Washington (AFP)

Apple and Google said on Friday that users of the technology they are developing together to track contacts of Covid-19 patients will be able to control their data and that the system will likely be disabled after the pandemic is over.

The two giants of Silicon Valley had presented two weeks ago a new partnership intended to allow smartphones equipped with Apple iOS software or Google Android to exchange information via Bluetooth technology to allow users to know if they had encountered another person diagnosed with the coronavirus.

While this new technology raises concerns about privacy, Apple and Google put forward certain technical details relating to data privacy on Friday.

"Each user will have to make the explicit choice to activate the technology. It can also be deactivated by the user at any time," it was written in a joint document.
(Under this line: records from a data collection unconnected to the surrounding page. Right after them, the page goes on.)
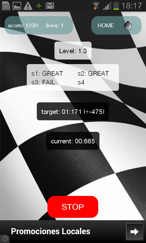 TimeRace adalah aplikasi tempat Anda dapat membuktikan kecepatan, keterampilan, dan refleks Anda. Ini pada dasarnya terdiri dari menghentikan waktu dalam target variabel. Levelnya semakin meningkatkan kesulitan.
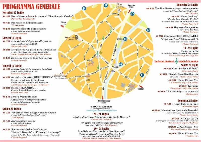 SAN SPERATE. Torna la sagra delle pesche a San Sperate, la manifestazione che dal 17 al 21 luglio permette ai turisti e ai curiosi di assaggiare il frutto più famoso del "paese museo". La festa, che avverrà in concomitanza alle celebrazioni del patrono San Sperate, il 17 luglio, sarà teatro di spettacoli, buon cibo (in particolare pesche) e musica per le strade del paese, in particolare via Cagliari e piazza Gramsci. Di seguito il programma completo della 58esima edizione.
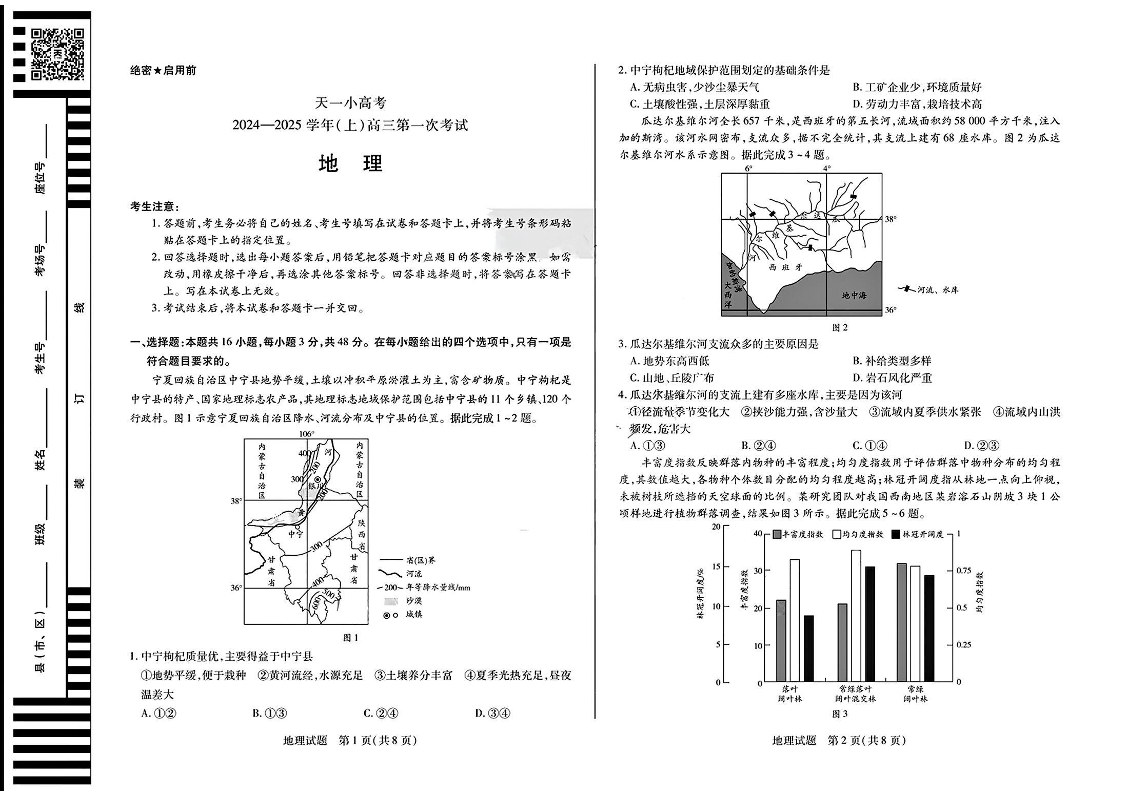 天一大联考2024-2025学年(上)高三第一次考试+地理
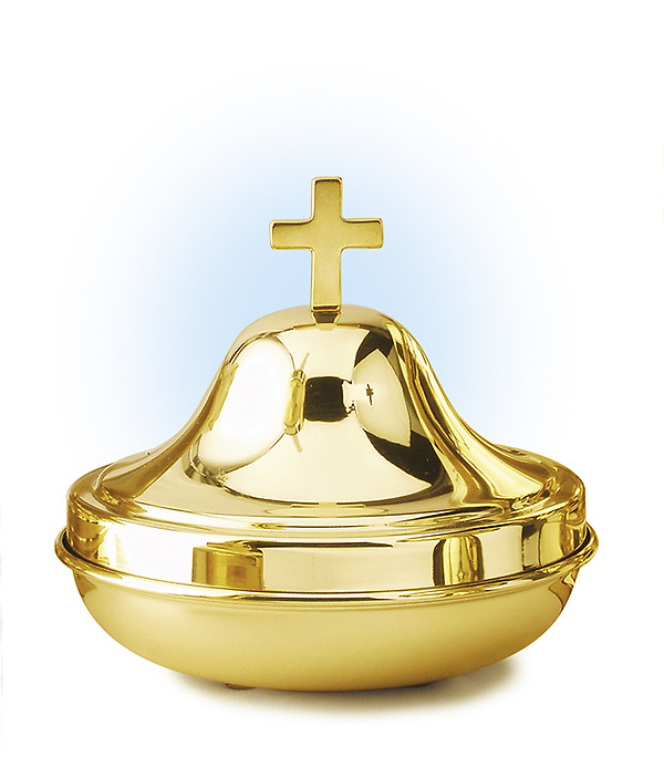 This elegant and shining bright gold solid brass Intinction Set without Base features a seamless rounded body, a two-tiered top with a Latin cross at the apex, and a Chalice. This Set is created from fine materials with superior craftsmanship and unsurpassed excellence. It is designed to deliver years of trouble-free service and will be a fine asset for your Communion Service by intinction.
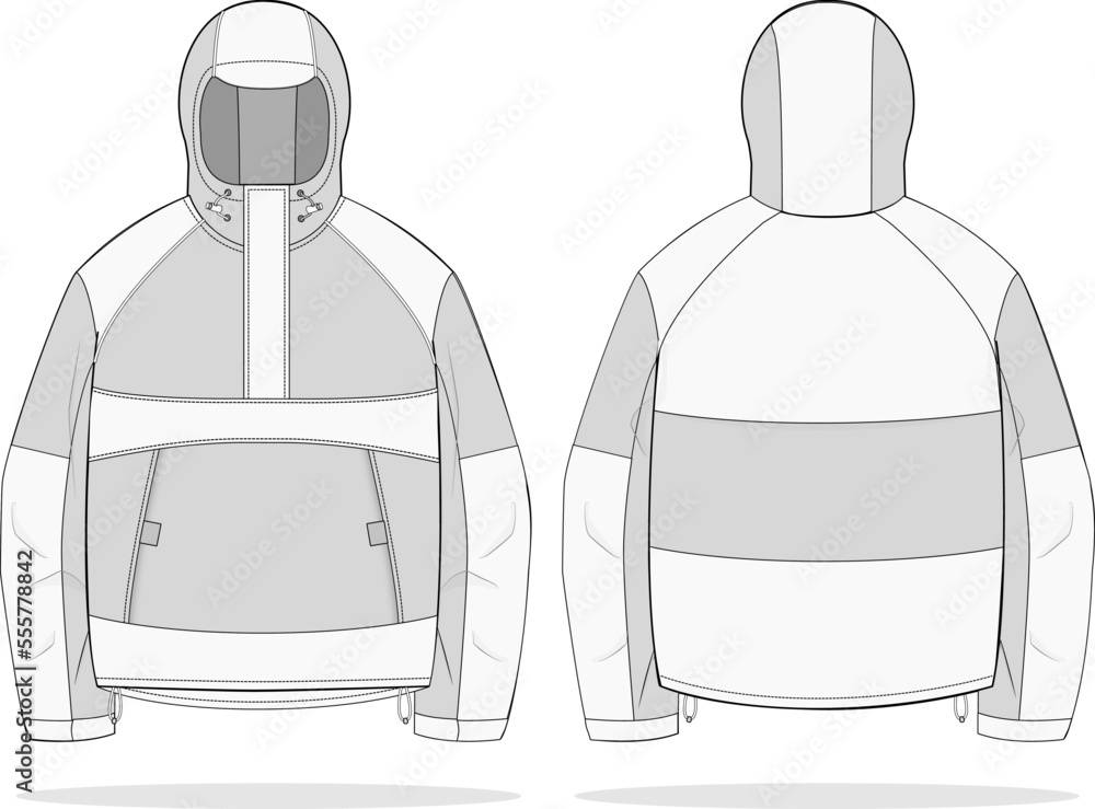 Anorak half zip nylon rain jacket design template Stock Vector Adobe
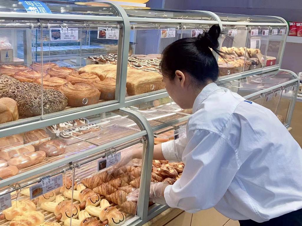 山西太原一家面包门店的员工正在整理烘焙鲜食。(受访单位供图)
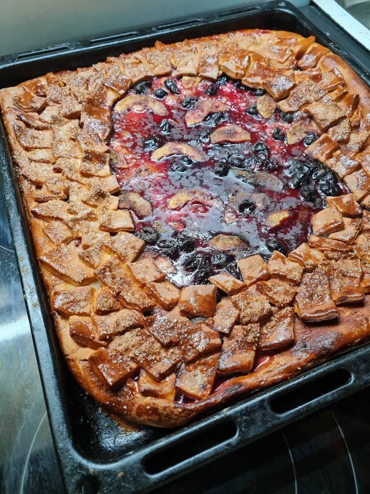#пирог Ингредиенты: Тесто:, Мука, Тёплое молоко, Сливочное масло, Сахар, Соль, Яйцо, Дрожжи сухие, Начинка:, Варенье (у меня чёрная смородина), Яблоко (по желанию), Сахар, корица , Яйцо (для смазывания), Раст.масло для смазывания противня Способ приготовления: В миске смешать дрожжи + сахар + соль + яйцо + сливочное масло + тёплое молоко. Постепенно вводим муку. Замешиваем тесто. Накрываем полотенцем и убираем в тёплое место до поднятия. (примерно на 1 час). Тесто поднялось. Делим его на 2 части. Первая часть будет низ пирога, а вторая вверх. Затем раскатываем низ пирога скалкой по форме противня. Выкладываем его в противень смазанный раст.маслом. Берём половину варенья и смазываем низ пирога. Затем сверху варенья выкладываем порезанное на дольки яблоко + посыпаем сахаром и корицей. Далее сверху выкладываем остатки варенья. Берём вторую часть теста. Раскатываем и нарезаем на квадратики. Украшаем сверху произвольно пирог квадратиками. Смазываем взбитым яйцом и посыпаем сахаром. Ставим в
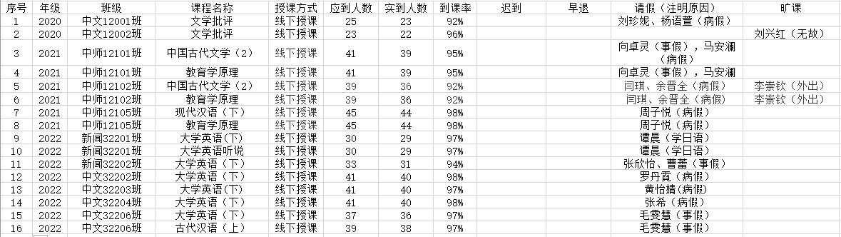 6月2日,公司组织员工干部对20、21、22级23个班的13门课程进行了39次课堂考勤,100%到课率23次,现将考勤结果公布如下:
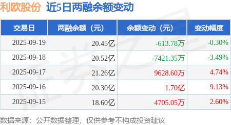 证券之星消息,9月19日,利欧股份(002131)融资买入5.2亿元,融资偿还5.25亿元,融资净卖出539.15万元,融资余额20.43亿元。
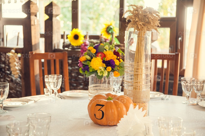 Праздничная флористика в осеннем стиле с нумерацией столов на тыквах в банкетном зале
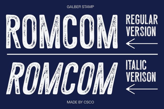 Perfect for Branding, Posters, and More Galber Stamp is ideal for designs that require a distinctive and eye-catching appearance. Its strong, characterful design makes it perfect for applications like branding, posters, and promotional materials that aim to convey a retro or industrial feel. This font’s blend of modern efficiency and vintage texture ensures a memorable and impactful presence in any creative project.
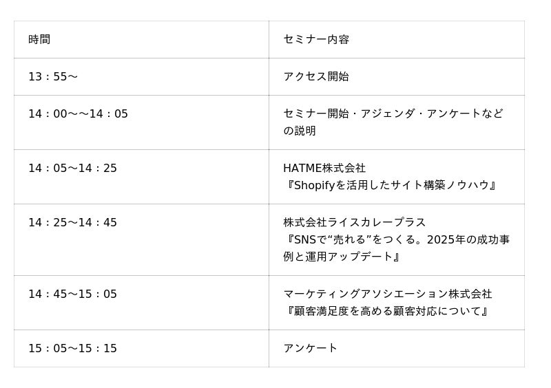 マーケティングアソシエーション株式会社の子会社であるHATME株式会社(本社:東京都台東区 代表取締役:中園広和、以下当社)は2025年12月3日(水)に、株式会社ライスカレープラス、マーケティングアソシエーション株式会と、3社共催ウェブセミナー「“一度きりの購入”で終わらせない!サイト構築×SNS×顧客対応で叶える持続的LTV向上戦略」を、開催いたします。
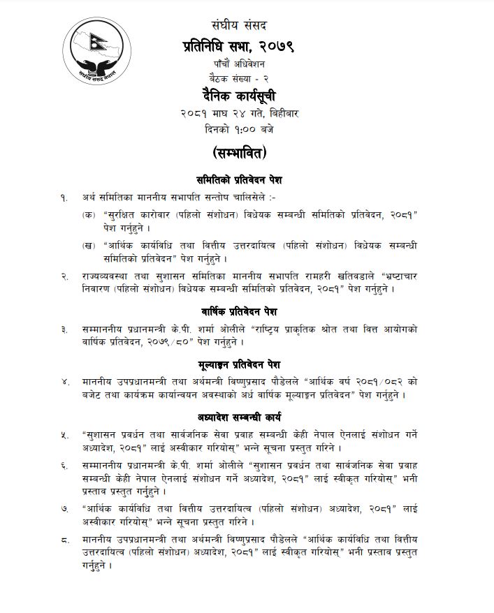 संसद सचिवालयका अनुसार प्रधानमन्त्री केपी शर्मा ओलीले ‘राष्ट्रिय प्राकृतिक श्रोत तथा बित्त आयोगको बार्षिक प्रतिवेदन, २०७९÷८० पेश गर्ने’ कार्यसुचीमा उल्लेख गरिएको छ ।
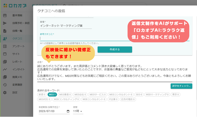 ▲例えば、クチコミ返信の誤字脱字チェックをロカオプAIを使うことでダブルチェックの時間を減らし、工数を削減できます。
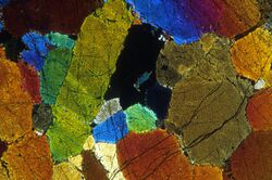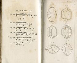 Nicholas Steno first observed the law of constancy of interfacial angles (also known as the first law of crystallography) in quartz crystals in 1669.[5]:4 This was later generalized and established experimentally by Jean-Baptiste L. Romé de l'Islee in 1783.[6] René Just Haüy, the "father of modern crystallography", showed that crystals are periodic and established that the orientations of crystal faces can be expressed in terms of rational numbers, as later encoded in the Miller indices.[5]:4 In 1814, Jöns Jacob Berzelius introduced a classification of minerals based on their chemistry rather than their crystal structure.[7] William Nicol developed the Nicol prism, which polarizes light, in 1827–1828 while studying fossilized wood; Henry Clifton Sorby showed that thin sections of minerals could be identified by their optical properties using a polarizing microscope.[5]:4[7]:15 James D. Dana published his first edition of A System of Mineralogy in 1837, and in a later edition introduced a chemical classification that is still the standard.[5]:4[7]:15 X-ray diffraction was demonstrated by Max von Laue in 1912, and developed into a tool for analyzing the crystal structure of minerals by the father/son team of William Henry Bragg and William Lawrence Bragg.[5]:4

"This system does not collect information about the location of your device, and does not share your identity with other users, Google or Apple," it added. "The user controls all the data he wants to share and the decision whether or not to share it."

Tracing applications are controversial because of the risks they can pose to the protection of private data.

But several countries have adopted them to support the end of containment.

The system developed by Google and Apple, which have the most used operating systems on smartphones worldwide, is expected in early May.

The two companies have assured that health authorities will have access to the technology but that any application "must meet specific criteria on privacy, security and data control".

"The exhibition notification data" will also be "stored and managed on the devices themselves" and not on government servers, they add.

Google and Apple have also suggested that the application be withdrawn when the pandemic calms down by ensuring that it can "deactivate" the system "according to the regions when its usefulness" is "exceeded".